The answers are often given in terms of the confessional issue and the divisions it implies, the clientelism that has continued to grow and to corrode all public administrations, sponsored by the leaders of war militias who have become ministers and deputies. Talks also evoked the Syrian regime’s hegemony that has "manufactured" politicians and infiltrated state institutions, assassinations, impunity, Hezbollah and its weapons that terrorize its opponents, and the electoral law and its “Gerry meandering” that favored the re-election of the same tenors and their henchmen. Finally, the repercussions of the regional crises on the Lebanese scene are regularly mentioned. They complicate the situation even more and leave the majority of the people in the frustration of impotence and the disarray of waiting for temporary solutions, often imported from the “outside”.
Nevertheless, is this enough to understand the increasingly striking gap between State and Society or between political elites and social or cultural actors in the country?
In my opinion, two elements or phenomena should be added to the existing analysis and above-mentioned answers and arguments.
The first element or phenomenon is part of what is called "the capture of the State". An operation that is defined by the takeover of government institutions by private interests to the detriment of the general interest. This can happen through various means, such as corruption, manipulation of elections and alliances, influence on the media, financing of political parties and notables, marginalization or weakening of the judiciary, and the introduction of the notion of "revolving doors", i.e., the appointment of senior state officials and politicians to work or board positions in private companies, in order to use them at the same time or later to promote or propel the interests of these companies.
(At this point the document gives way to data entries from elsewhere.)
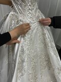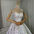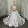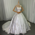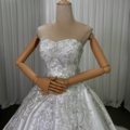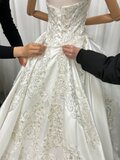 豪華!ウェディングドレス 韓国風ドレス ベアトップ キラキラ光る刺繍 拳式 華やかなトレーン デザイン感 編み上げ
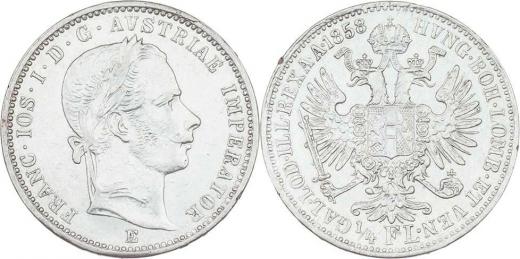 1/4 Zlatník 1858 E, 5.330g, nep.just., hr., vl.rysky
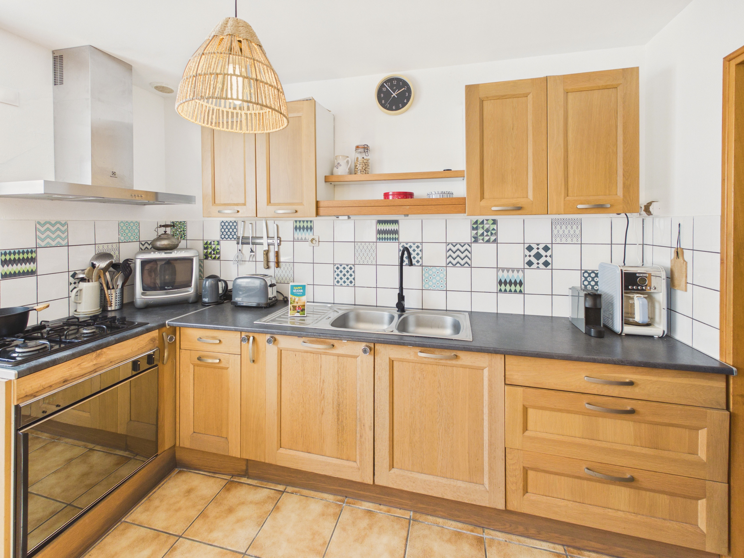 À l’intérieur, la maison s’ouvre sur une belle pièce de vie conviviale composée d’un salon avec deux canapés, d’un espace salle à manger avec une table ronde pouvant accueillir jusqu'à 5 personnes et d’une cuisine ouverte. Un second salon avec télévision offre un espace supplémentaire pour vous détendre après de longues journées de découvertes dans la région. La cuisine est entièrement équipée : plaque de cuisson à gaz, réfrigérateur, congélateur, four, micro-ondes, lave-vaisselle, cafetière filtre et Nespresso, grille-pain, bouilloire et tout le nécessaire pour cuisiner comme à la maison. Une arrière-cuisine vient compléter cet espace fonctionnel.
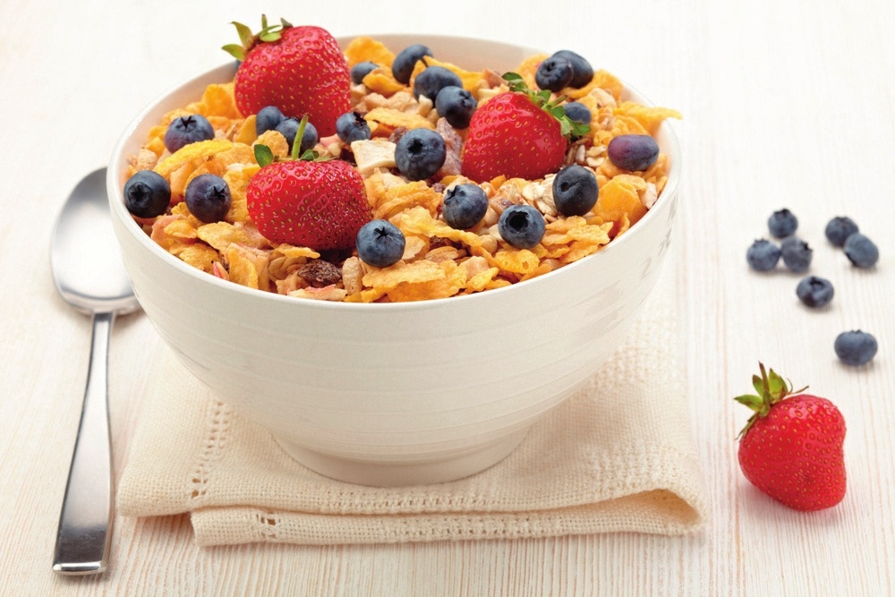 الإفطار: وجبة نشوية عبارة عن حبوب الإفطار (سيريال) مع فاكهة وحليب الصويا.
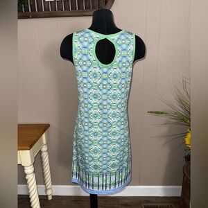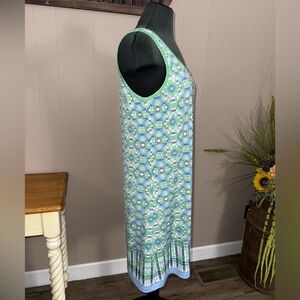 Max Studio • Blue and Green Geo Print Sun Dress

A careful observation of what Lebanon has been going through in the last decades shows how much the state has been captured by the banking and politico-financial networks, and how much this capture has been reinforced through the different political-confessional equations and co-existed with the Syrian hegemony and then with the overpowering of Hezbollah and its security diktat.
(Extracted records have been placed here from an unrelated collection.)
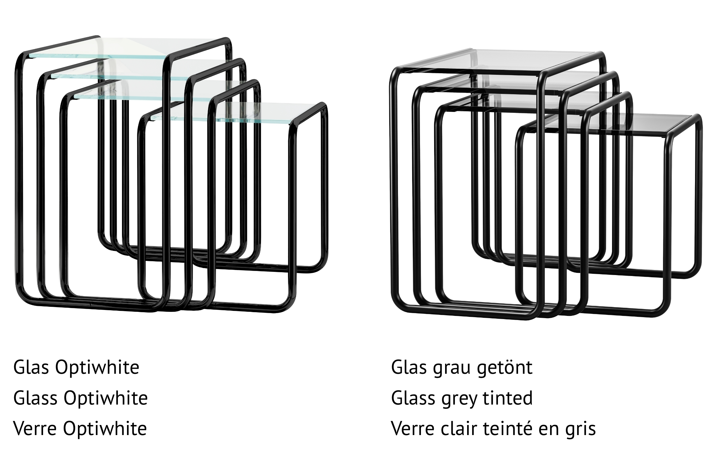La table B 9 a-d se compose de 4 éléments qui sont également disponibles séparément. Ils s'assemblent d'une façon qui permet de gagner de l'espace. Cadre en acier tubulaire laqué couleur. Ce modèle se présente avec un plateau en verre Optiwhite (entièrement transparent) ou en verre teinté gris.
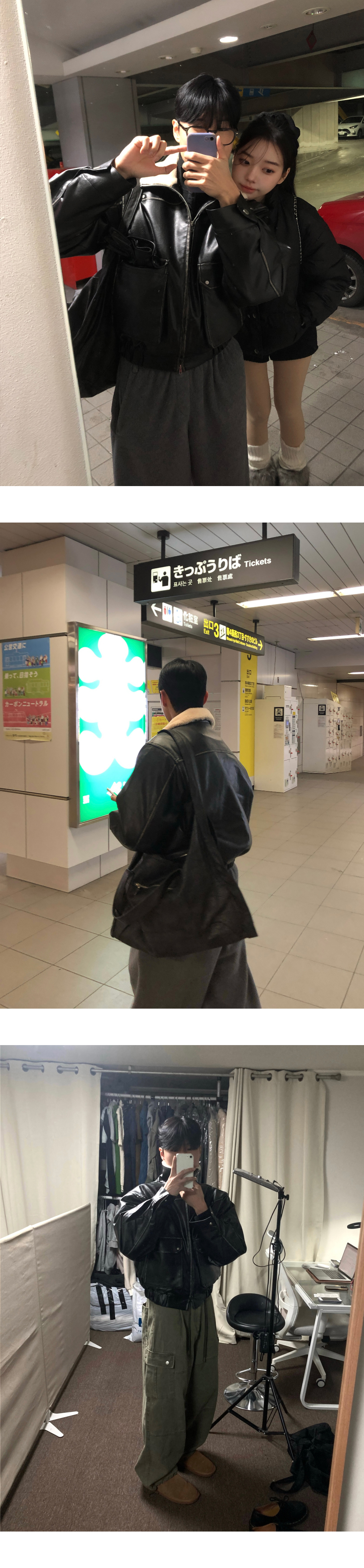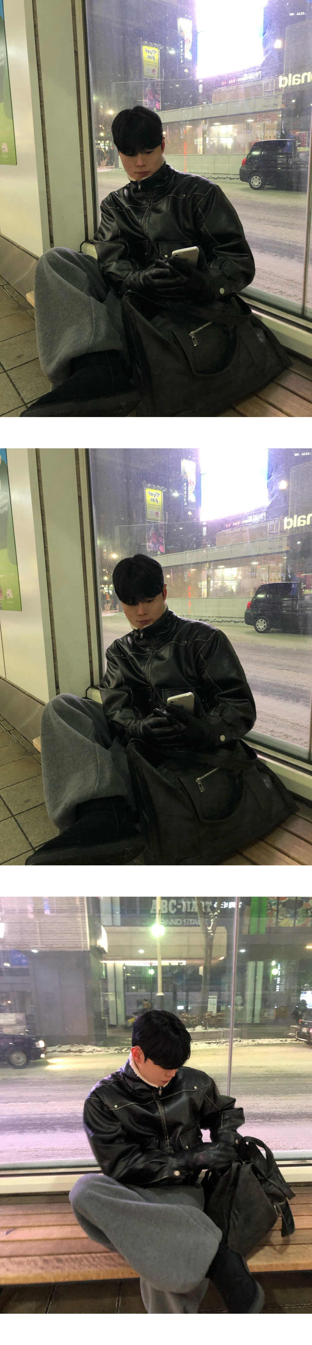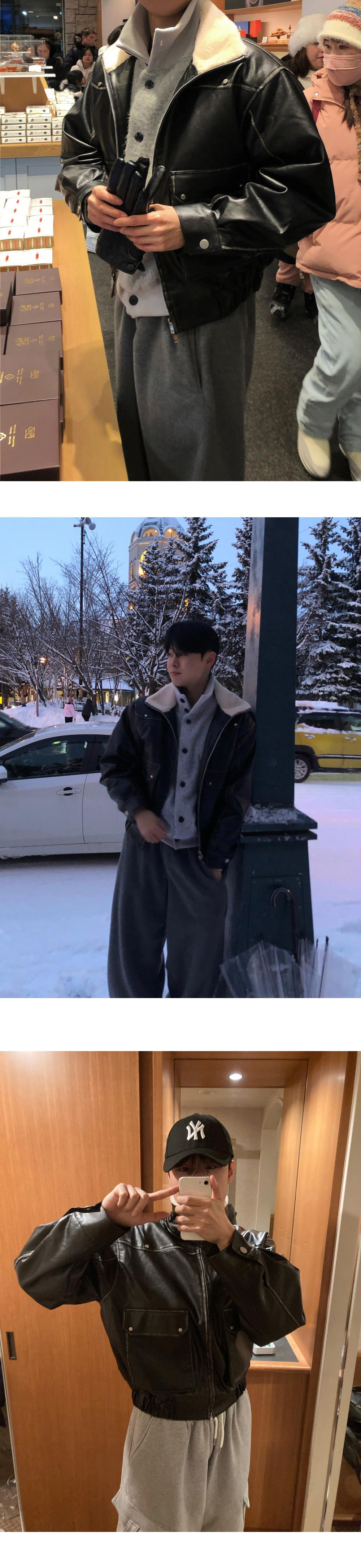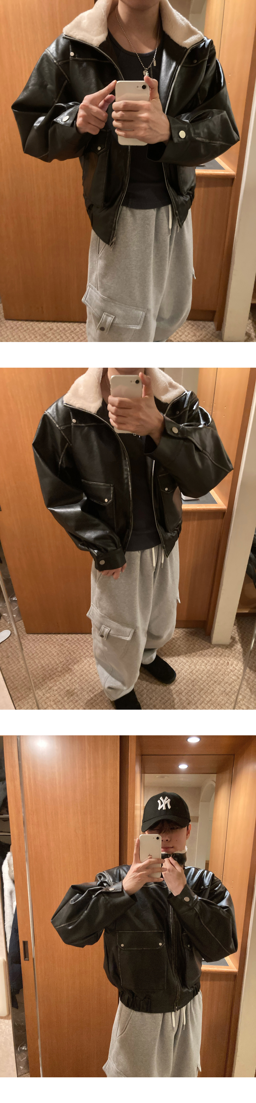 (2color) ヴィンテージ クロップド レザー ムートン コート
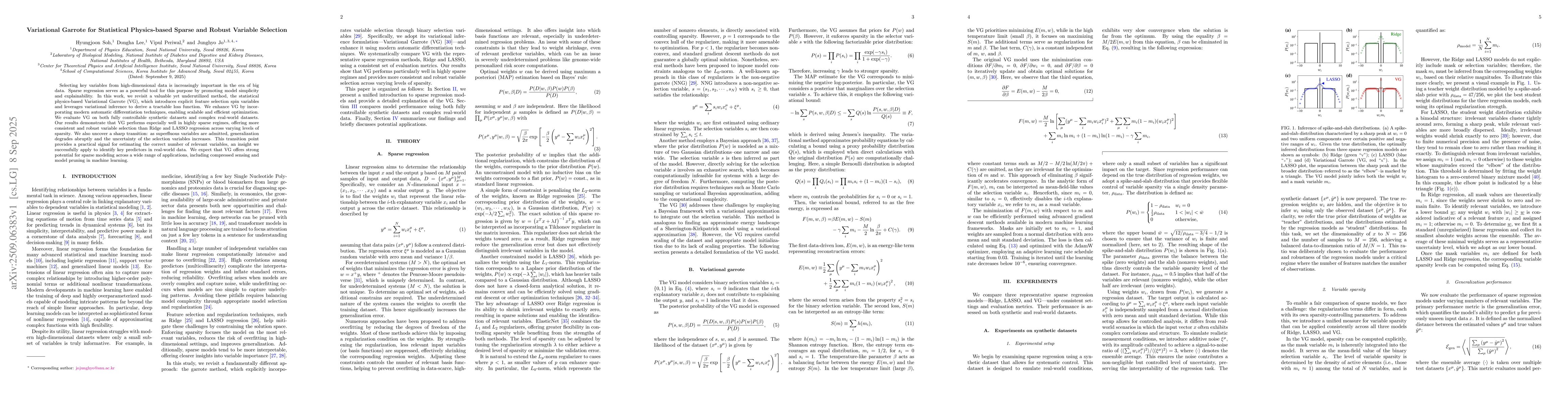Selecting key variables from high-dimensional data is increasingly important in the era of big data. Sparse regression serves as a powerful tool for this purpose by promoting model simplicity and explainability. In this work, we revisit a valuable yet underutilized method, the statistical physics-based Variational Garrote (VG), which introduces explicit feature selection spin variables and leverages variational inference to derive a tractable loss function. We enhance VG by incorporating modern automatic differentiation techniques, enabling scalable and efficient optimization. We evaluate VG on both fully controllable synthetic datasets and complex real-world datasets. Our results demonstrate that VG performs especially well in highly sparse regimes, offering more consistent and robust variable selection than Ridge and LASSO regression across varying levels of sparsity. We also uncover a sharp transition: as superfluous variables are admitted, generalization degrades abruptly and the uncertainty of the selection variables increases. This transition point provides a practical signal for estimating the correct number of relevant variables, an insight we successfully apply to identify key predictors in real-world data. We expect that VG offers strong potential for sparse modeling across a wide range of applications, including compressed sensing and model pruning in machine learning.
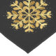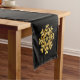 This Christmas holiday table runner is shown with a black background colour and has a festive Christmas gold snowflakes print design.
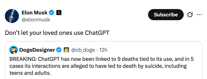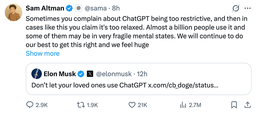 OpenAI CEO山姆·奧特曼(Sam Altman)隨即在X上回應(yīng)。他不僅為OpenAI的產(chǎn)品和安全措施辯護(hù),還將矛頭直接轉(zhuǎn)向了特斯拉的自動駕駛技術(shù),發(fā)文稱, “我只坐過一次裝有該系統(tǒng)的車,但我第一感覺是特斯拉推出這個東西遠(yuǎn)談不上安全。”
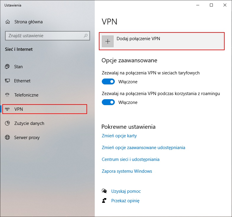 - Wybieramy zakładkę VPN, a następnie klikamy Dodaj połączenie VPN

The second element or phenomenon explaining the mentioned gap comes from the Lebanese society itself, which adapted during the long years of the war to the weak presence of the state, and which has since created its own management and regulation mechanisms. Its movements, organizations and individuals, characterized by success, resilience, creativity or the ability to innovate, have developed a contempt or even a disgust towards politics and especially towards its actors and "leaders". They have thus settled for building a parallel or alternative world to the "political world". Since their freedoms or raison d'être were rarely threatened, they could not be sufficiently motivated to mobilize or fight for large-scale political change. Indeed, this configuration of two parallel worlds has only been endangered twice in the last three decades: in 2005 and in 2019 during the popular uprisings that almost overturned the "stagnant order" and made politics more accessible. But these moments of mobilization and euphoria were fleeting, the system managed to regain the upper hand and preserve itself, despite the financial collapse followed by the explosion of the port of Beirut in 2020 which this time threw the state and society into a bottomless pit.
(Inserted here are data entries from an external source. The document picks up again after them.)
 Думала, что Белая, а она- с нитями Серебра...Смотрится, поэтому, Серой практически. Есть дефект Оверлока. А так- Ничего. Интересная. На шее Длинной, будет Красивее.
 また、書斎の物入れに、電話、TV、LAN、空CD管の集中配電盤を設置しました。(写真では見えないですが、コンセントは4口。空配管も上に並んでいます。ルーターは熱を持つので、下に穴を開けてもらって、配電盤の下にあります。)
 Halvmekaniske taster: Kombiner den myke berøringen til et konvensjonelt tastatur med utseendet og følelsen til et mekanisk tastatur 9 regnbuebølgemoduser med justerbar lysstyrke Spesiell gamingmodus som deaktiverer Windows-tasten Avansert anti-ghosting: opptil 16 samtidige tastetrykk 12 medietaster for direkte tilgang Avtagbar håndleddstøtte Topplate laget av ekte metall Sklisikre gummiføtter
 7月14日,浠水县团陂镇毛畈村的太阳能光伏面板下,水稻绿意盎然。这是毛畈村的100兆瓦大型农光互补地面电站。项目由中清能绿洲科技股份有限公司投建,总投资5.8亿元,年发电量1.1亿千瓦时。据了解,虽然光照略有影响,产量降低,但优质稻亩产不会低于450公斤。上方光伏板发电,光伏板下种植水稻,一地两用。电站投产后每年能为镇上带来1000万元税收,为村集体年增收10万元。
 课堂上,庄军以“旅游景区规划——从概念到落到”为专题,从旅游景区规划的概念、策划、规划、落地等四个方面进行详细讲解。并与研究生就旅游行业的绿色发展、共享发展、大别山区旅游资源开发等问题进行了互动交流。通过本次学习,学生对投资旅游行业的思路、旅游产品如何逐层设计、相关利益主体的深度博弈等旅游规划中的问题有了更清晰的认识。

State capture and contempt are thus two more reasons for the Lebanese lag. In the current decadent situation, their intertwining creates a general feeling of humiliation that replaces the anger of a large part of the citizens to the point of making their capacity to manage their "parallel world" waver. For the looting, the economic oppression, and sometimes the exile, caused by unspeakably lowly officials, constitute a brutal reality, difficult to digest without being able to upset the existing political arrangement.